Advocates of the use of laetrile have also changed the rationale for its use, first as a treatment of cancer, then as a vitamin, then as part of a "holistic" nutritional regimen, or as treatment for cancer pain, among others, none of which have any significant evidence supporting its use. Despite the lack of evidence for its use, laetrile developed a significant following due to its wide promotion as a "pain-free" treatment of cancer as an alternative to surgery and chemotherapy that have significant side effects. The use of laetrile led to a number of deaths.
The FDA and AMA crackdown, begun in the 1970s, effectively escalated prices on the black market, played into the conspiracy narrative, and enabled unscrupulous profiteers to foster multimillion-dollar smuggling empires.
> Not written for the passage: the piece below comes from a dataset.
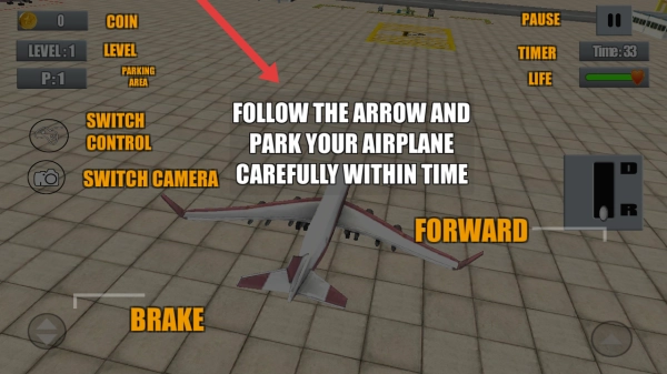 1、进入游戏后,需要仔细看系统操作指示,通过FORWARD、BRAKE按键操控飞机,在限时内谨慎完成停靠操作。

Some American cancer patients have traveled to Mexico for treatment with the substance, for example at the Oasis of Hope Hospital in Tijuana. The actor Steve McQueen died in Mexico following surgery to remove a stomach tumor, having previously undergone extended treatment for pleural mesothelioma—a cancer associated with asbestos exposure—under the care of William Donald Kelley, a de-licensed dentist and orthodontist who claimed to have devised a cancer treatment involving pancreatic enzymes, 50 daily vitamins and minerals, frequent body shampoos, enemas, a specific diet, and laetrile.

Laetrile advocates in the United States include Dean Burk, a former chief chemist of the National Cancer Institute cytochemistry laboratory, and national arm wrestling champion Jason Vale, who falsely claimed that his kidney and pancreatic cancers were cured by eating apricot seeds. Vale was convicted in 2004 for, among other things, fraudulently marketing laetrile as a cancer cure. The court also found that Vale had made at least $500,000 from his fraudulent sales of laetrile.
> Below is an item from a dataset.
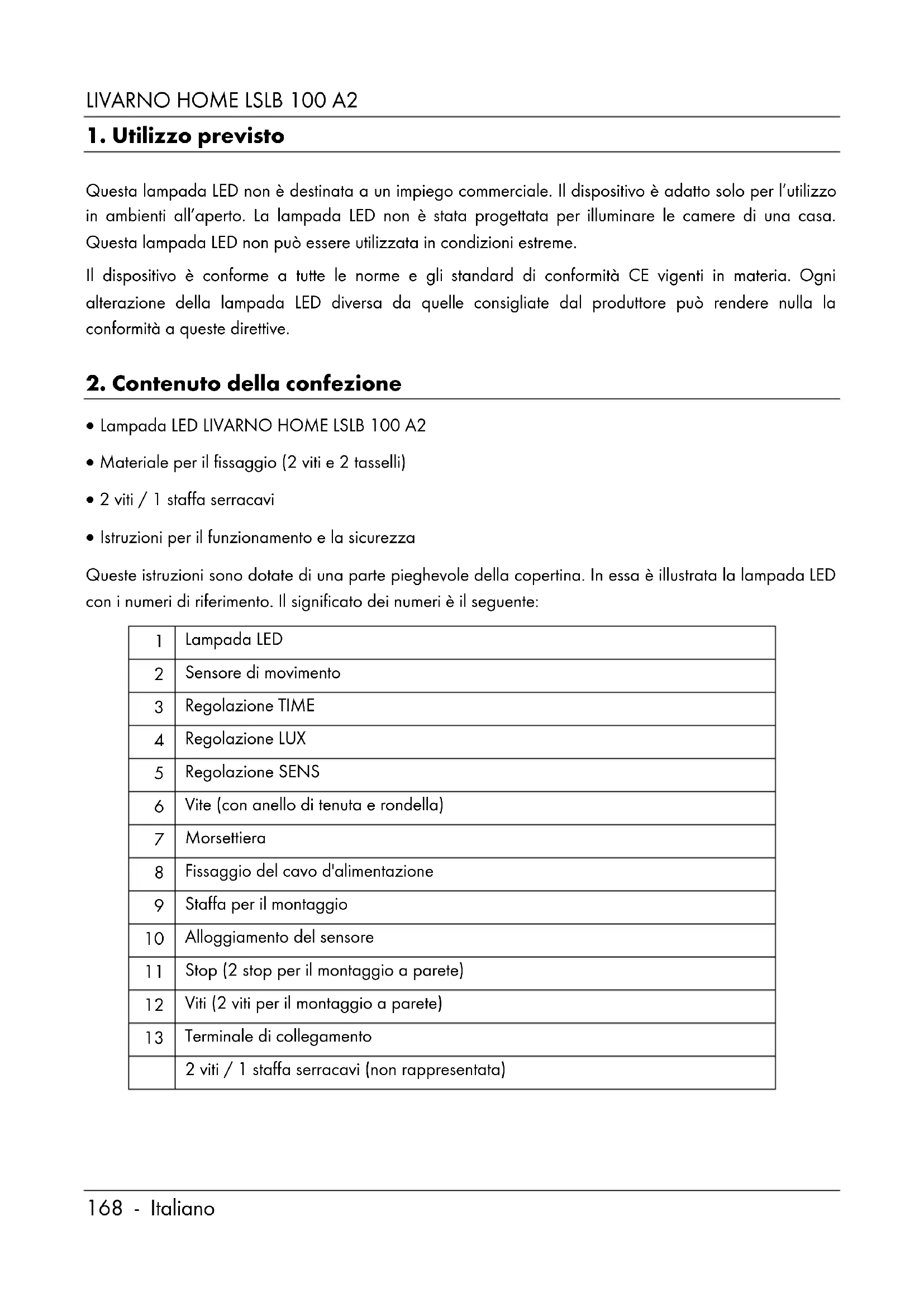 Quando si utilizza questa lampada LED (1) per la prima volta, leggere le seguenti istruzioni e rispettare tutti gli avvertimenti, anche se si ha dimestichezza con i dispositivi elettronici. Conservare queste istruzioni in un luogo sicuro per un eventuale utilizzo futuro. In caso di vendita o cessione del dispositivo, è importante che questo manuale vi sia allegato. Spiegazione dei simboli Nel caso in cui i coperchi di sicurezza dovessero rompersi, sarà necessario sostituirli. La lampada LED (1) è dotata di collegamento del conduttore di messa a terra. Il filo di messa a terra (giallo/verde) deve essere collegato al terminale di collegamento (13). PERICOLO! Questo segnale indica un pericolo ad alto rischio di morte o ferite gravi. ATTENZIONE! Questo segnale indica un pericolo a medio rischio di morte o ferite gravi. AVVERTENZA! Questo segnale indica importanti istruzioni per la protezione da danni alle cose. PERICOLO! Questo simbolo indica tensione elettrica nociva! Questo simbolo indica ulteriori informazioni sull’argomento. Non adatto per illuminare ambienti interni in casa.LIVARNO HOME LSLB 100 A2 Italiano - 171 La lampada LED non può essere attenuata. L'angolo del fascio di luce della lampada LED è circa 120°. Fino all'80% di risparmio energetico rispetto a un faro alogeno da 500 watt. Durata dell'illuminazione regolabile da circa 5 sec a 5 min. Il sensore di movimento può essere ruotato Flusso luminoso totale circa 10000 lm/100W Resistente all'acqua e a prova di schizzi (IP44) L'angolo di rilevamento del sensore di movimento è circa 8 m.

In New Zealand, laetrile was among the purported treatments for cancer promoted by Milan Brych, who was later convicted of medical fraud.

In the 1970s, court cases in several states challenged the FDA's authority to restrict access to what they claimed were potentially lifesaving drugs. More than twenty states passed laws making the use of laetrile legal. After the unanimous Supreme Court ruling in United States v. Rutherford, which established that interstate transport of the compound was illegal, usage fell off dramatically. The FDA continues to seek jail sentences for vendors marketing laetrile for cancer treatment, calling it a "highly toxic product that has not shown any effect on treating cancer."